> [What is expected]
Print only the lines below from the one with "2025 Zane Smith" to the one with "清潔保養(yǎng)施工資質(zhì)證書", both included, exactly as they stand. Leave pictures out.

> [Data extracts]
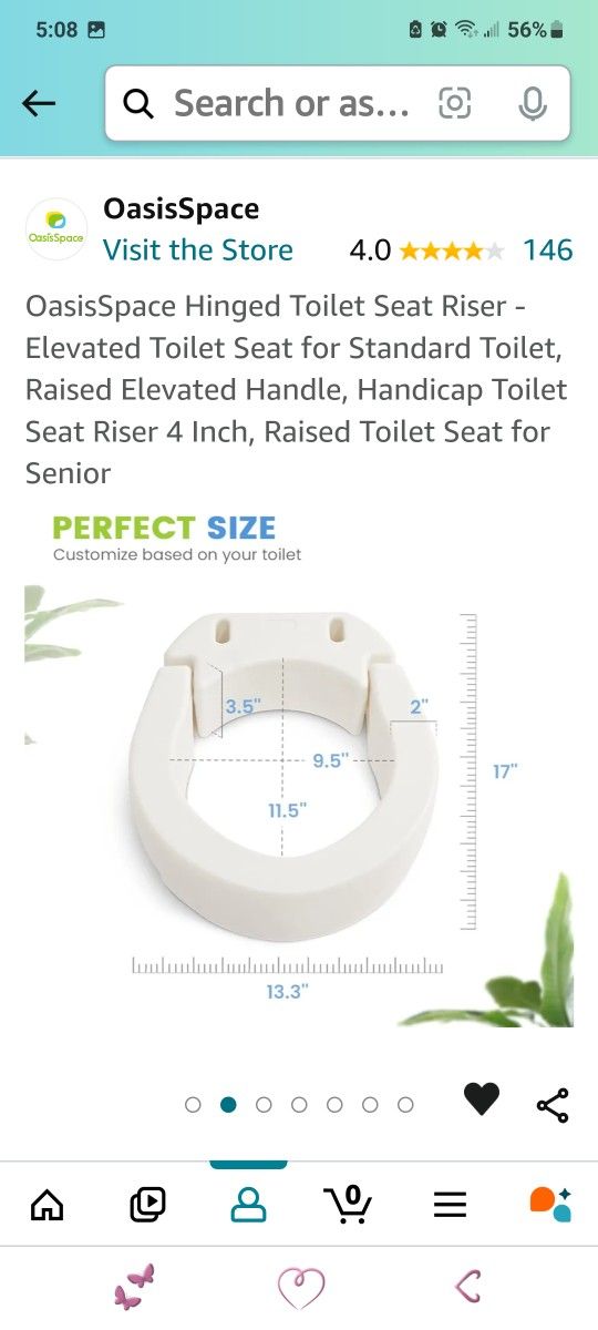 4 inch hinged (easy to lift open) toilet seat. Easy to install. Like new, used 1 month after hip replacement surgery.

* * *

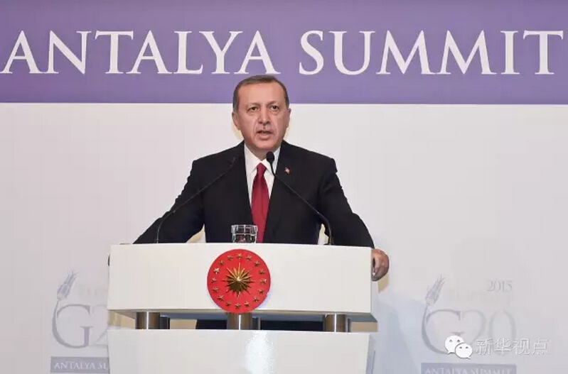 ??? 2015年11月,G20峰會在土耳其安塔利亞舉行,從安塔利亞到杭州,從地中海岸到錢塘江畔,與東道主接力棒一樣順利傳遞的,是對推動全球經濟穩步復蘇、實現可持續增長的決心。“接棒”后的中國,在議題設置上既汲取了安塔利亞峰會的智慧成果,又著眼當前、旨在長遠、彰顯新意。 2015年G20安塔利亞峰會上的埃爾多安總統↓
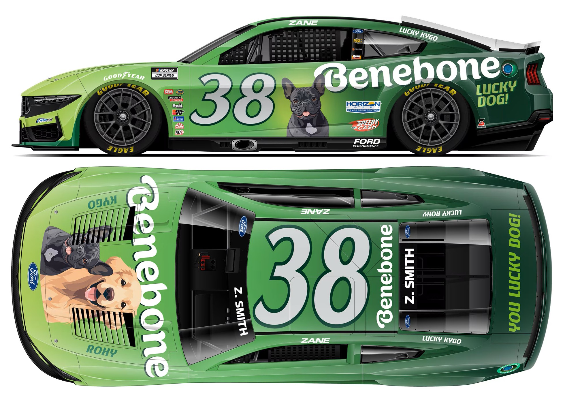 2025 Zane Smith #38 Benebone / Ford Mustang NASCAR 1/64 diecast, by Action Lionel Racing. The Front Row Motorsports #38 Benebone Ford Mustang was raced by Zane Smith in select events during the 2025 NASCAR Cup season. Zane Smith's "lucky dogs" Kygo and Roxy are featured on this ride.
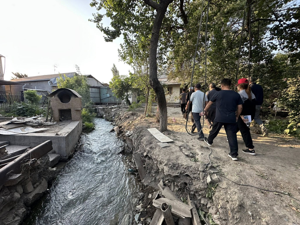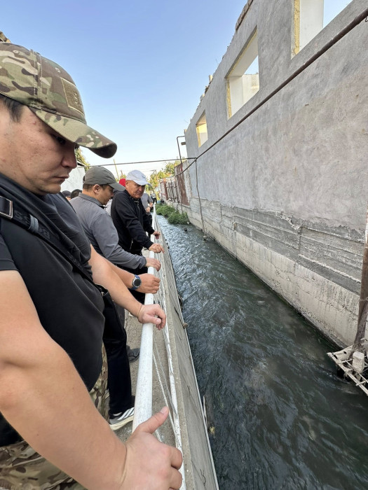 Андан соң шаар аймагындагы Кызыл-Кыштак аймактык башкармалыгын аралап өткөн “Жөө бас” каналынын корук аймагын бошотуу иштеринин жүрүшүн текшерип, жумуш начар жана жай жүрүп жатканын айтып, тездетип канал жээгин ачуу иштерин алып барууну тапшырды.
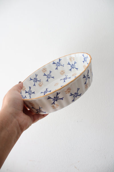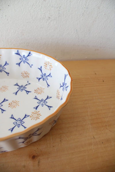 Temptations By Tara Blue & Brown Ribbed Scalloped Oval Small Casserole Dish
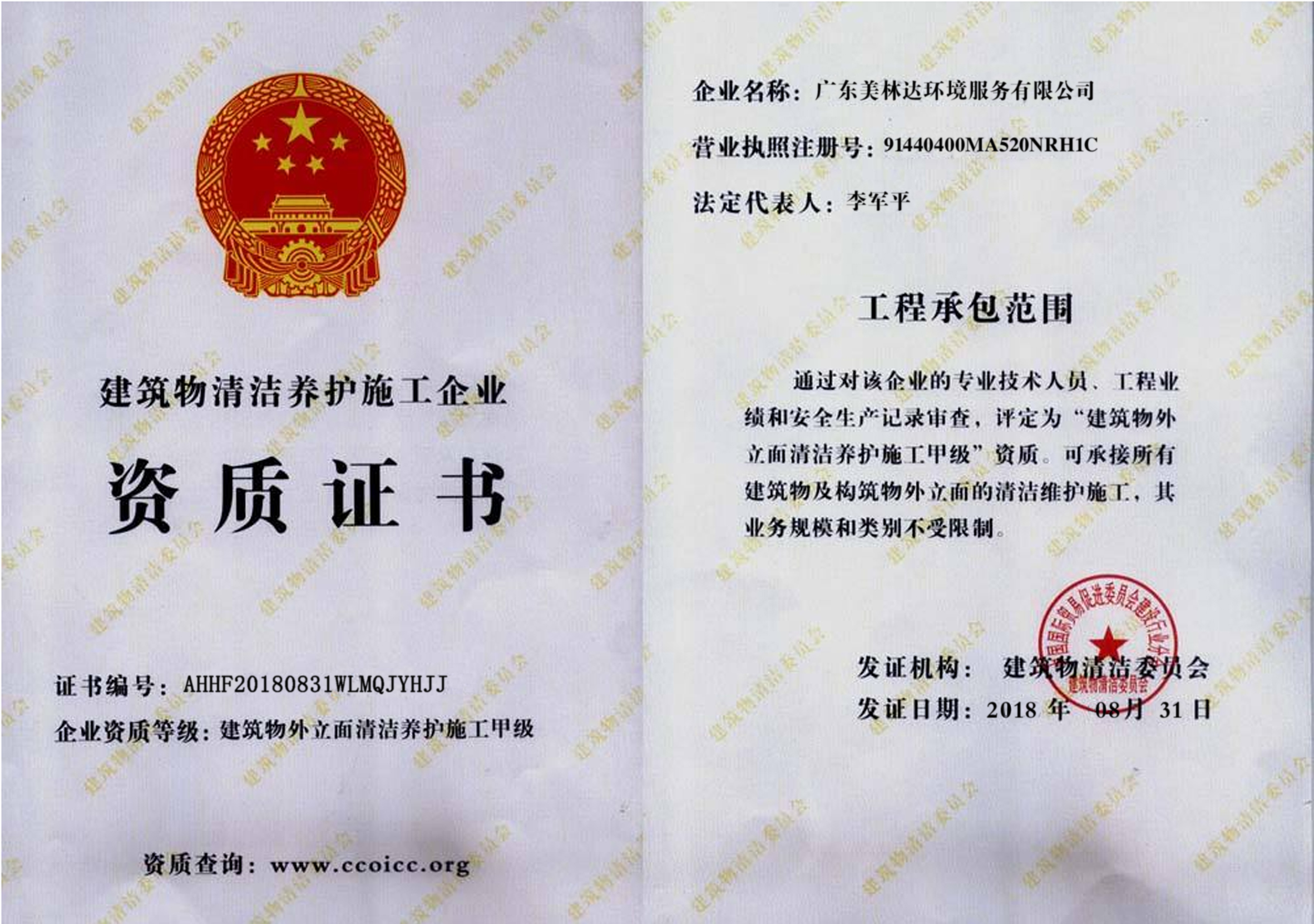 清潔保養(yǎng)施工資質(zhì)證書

> [Answer section]
 2025 Zane Smith #38 Benebone / Ford Mustang NASCAR 1/64 diecast, by Action Lionel Racing. The Front Row Motorsports #38 Benebone Ford Mustang was raced by Zane Smith in select events during the 2025 NASCAR Cup season. Zane Smith's "lucky dogs" Kygo and Roxy are featured on this ride.
 Андан соң шаар аймагындагы Кызыл-Кыштак аймактык башкармалыгын аралап өткөн “Жөө бас” каналынын корук аймагын бошотуу иштеринин жүрүшүн текшерип, жумуш начар жана жай жүрүп жатканын айтып, тездетип канал жээгин ачуу иштерин алып барууну тапшырды.
 Temptations By Tara Blue & Brown Ribbed Scalloped Oval Small Casserole Dish
 清潔保養(yǎng)施工資質(zhì)證書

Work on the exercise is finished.